In conclusion, if $A=UDV^\dagger$ with $U,V$ isometries and $D>0$ squared diagonal, then $D$ is uniquely determined up to permutations. Choosing a basis for the underlying space such that the elements of $D$ are in non-increasing order, then $V$ must be such that its columns span each eigenspace of $A^\dagger A$, and any such $V$ works. This freedom can be written concisely saying that if $A=UDV^\dagger=\tilde UD\tilde V^\dagger$, then $$\tilde V = V \bigoplus W_i$$ for some set of unitaries $W_i$, where each $W_i$ is a unitary in the subspace $\mathcal V^{(i)}$. Finally, notice that $U$ is directly determined by $V$, thus the above characterisation of $V$ is sufficient.

Toy example #1

Let's work out a simple toy example to illustrate the above results.
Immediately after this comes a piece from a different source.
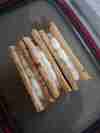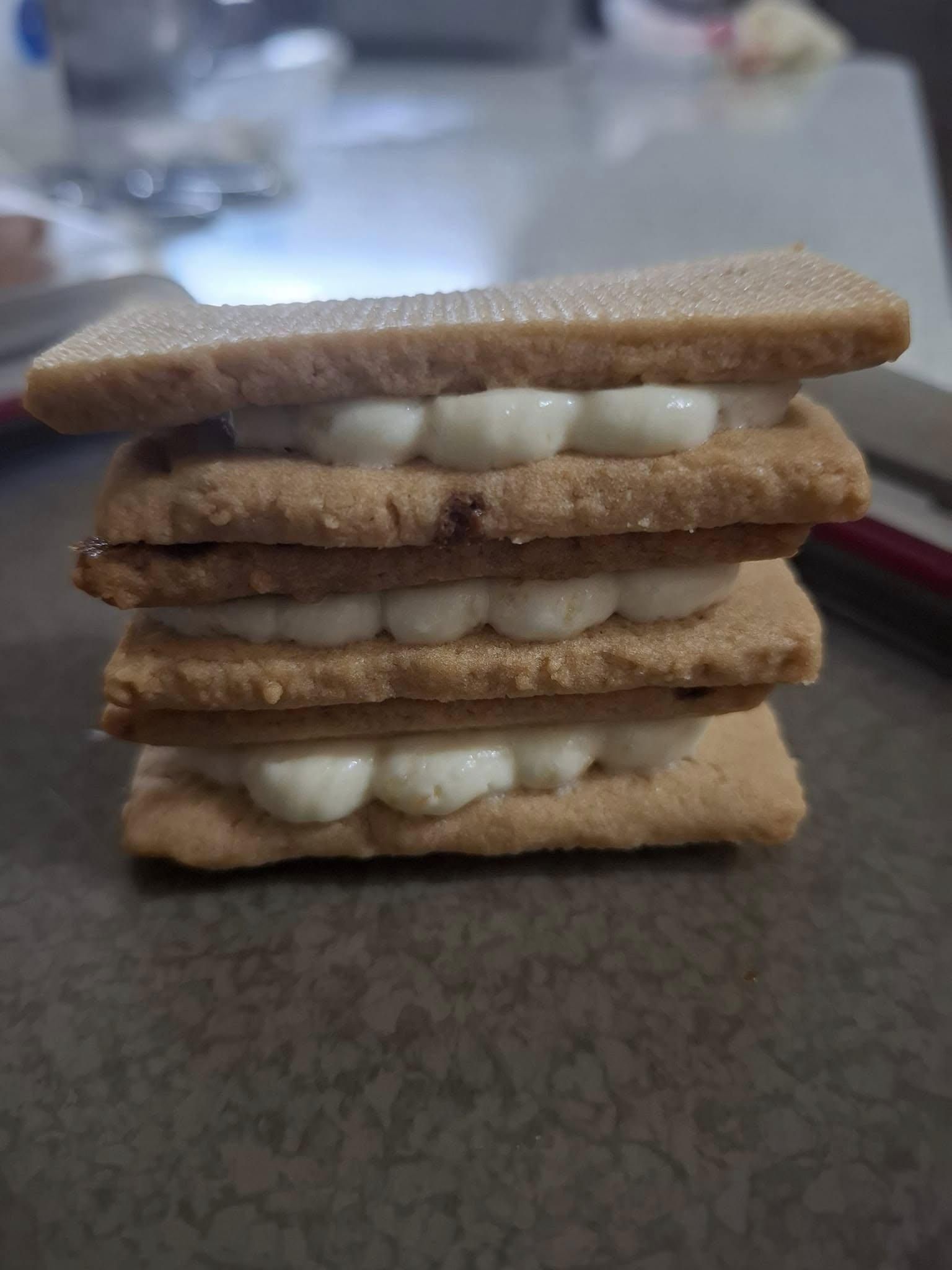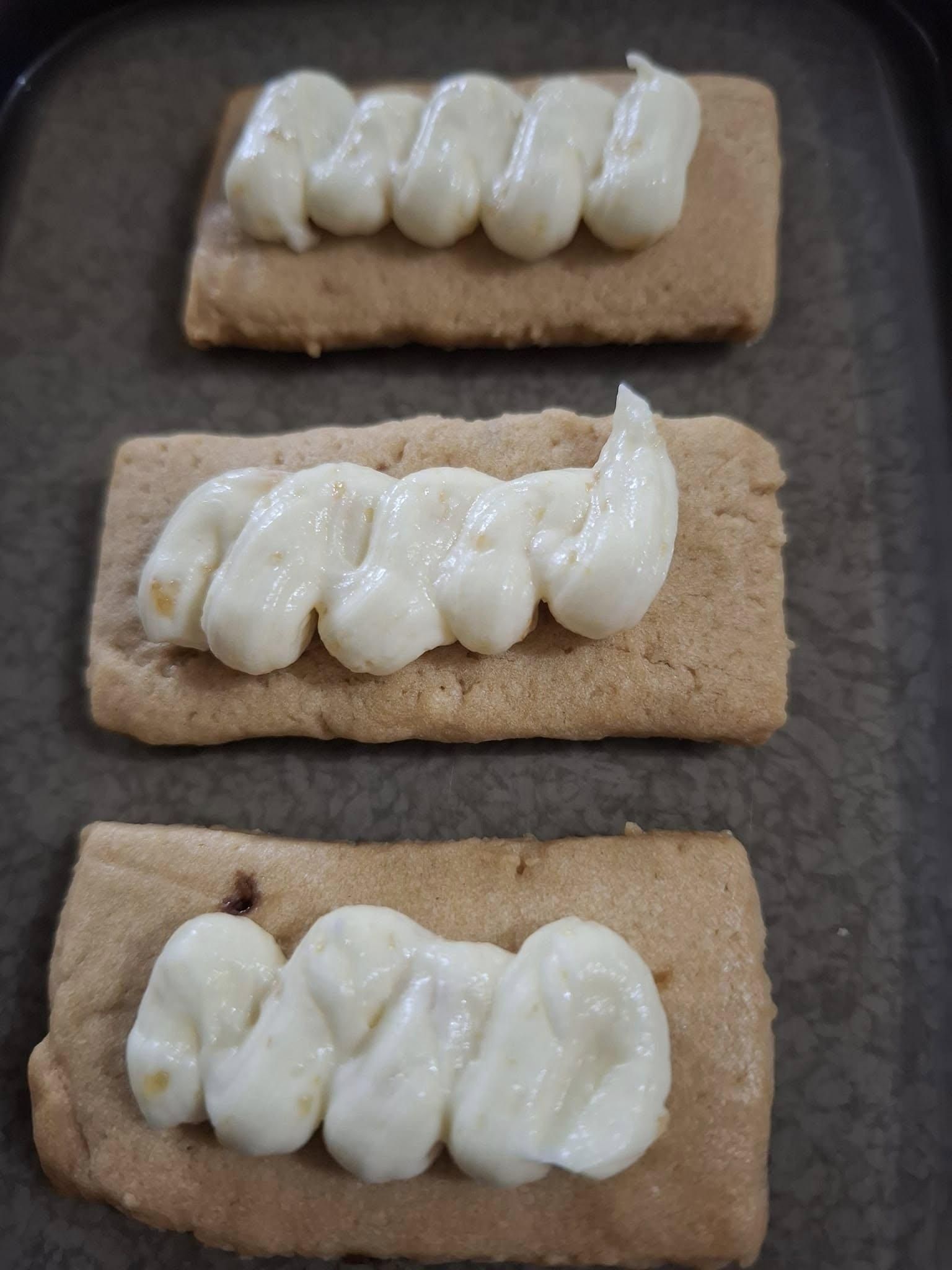 謝謝老師課程,餅乾好吃,內餡非常多變,也好做。 剛好手上有西西里檸檬醬,做成檸檬內餡的口味,奶油乳酪我用下圖這款,份量少,適合少量製作,全聯就買的到非常方便,給其他同學參考。 另外分享一個分割餅乾方法,把餅乾整形非常方正,切切就好🤣

Let $$H \equiv \begin{pmatrix}1&1\\1&-1\end{pmatrix}.$$ This is a somewhat trivial example because $H$ is Hermitian, but still illustrates some aspects. A standard SVD reads $$ H = \underbrace{\frac{1}{\sqrt2}\begin{pmatrix}1&1\\-1&1\end{pmatrix} }_{\equiv U} \underbrace{\begin{pmatrix}\sqrt2 & 0\\0&\sqrt2\end{pmatrix}}_{\equiv D} \underbrace{\begin{pmatrix}0&1\\1&0\end{pmatrix}}_{\equiv V^\dagger}.$$ In this case we have two identical singular values. According to our discussion above, that means that we can apply a(ny) unitary transformation to the columns of $V$ and still obtain another SVD. That is, given any unitary $W$, $\tilde V\equiv V W$ gives another SVD for $H$. In this simple case, you can also observe this directly, as $D=\sqrt2 I$, and therefore $$H = UDV^\dagger= UD W \tilde V^\dagger = (UW) D V^\dagger,$$ hence $\tilde\equiv UW$ gives the alternative SVD $H=\tilde U D\tilde V^\dagger$, and all SVDs have this form.

Toy example #2

Consider a simple non-squared case. Let $$A \equiv \begin{pmatrix}1&1\\1 & \omega \\ 1 & \omega^2\end{pmatrix}, \qquad \omega\equiv e^{2\pi i/3}.$$ This is again almost trivial because $A$ is an isometry, up to a constant. Still, we can write its SVD as $$A = \underbrace{\frac{1}{\sqrt3}\begin{pmatrix}1&1\\1&\omega\\1&\omega^2\end{pmatrix}}_{\equiv U} \underbrace{\begin{pmatrix}\sqrt3 & 0 \\0&\sqrt3\end{pmatrix}}_{\equiv D} \underbrace{\begin{pmatrix}0&1\\1&0\end{pmatrix}}_{\equiv V^\dagger}. $$ Notice that now $U,V$ are isometries, but not unitaries, and that $D>0$ is squared. Are per our results above, any SVD will have the form $A=\tilde U D \tilde V^\dagger$ with $\tilde V=V W$ for some unitary $W$.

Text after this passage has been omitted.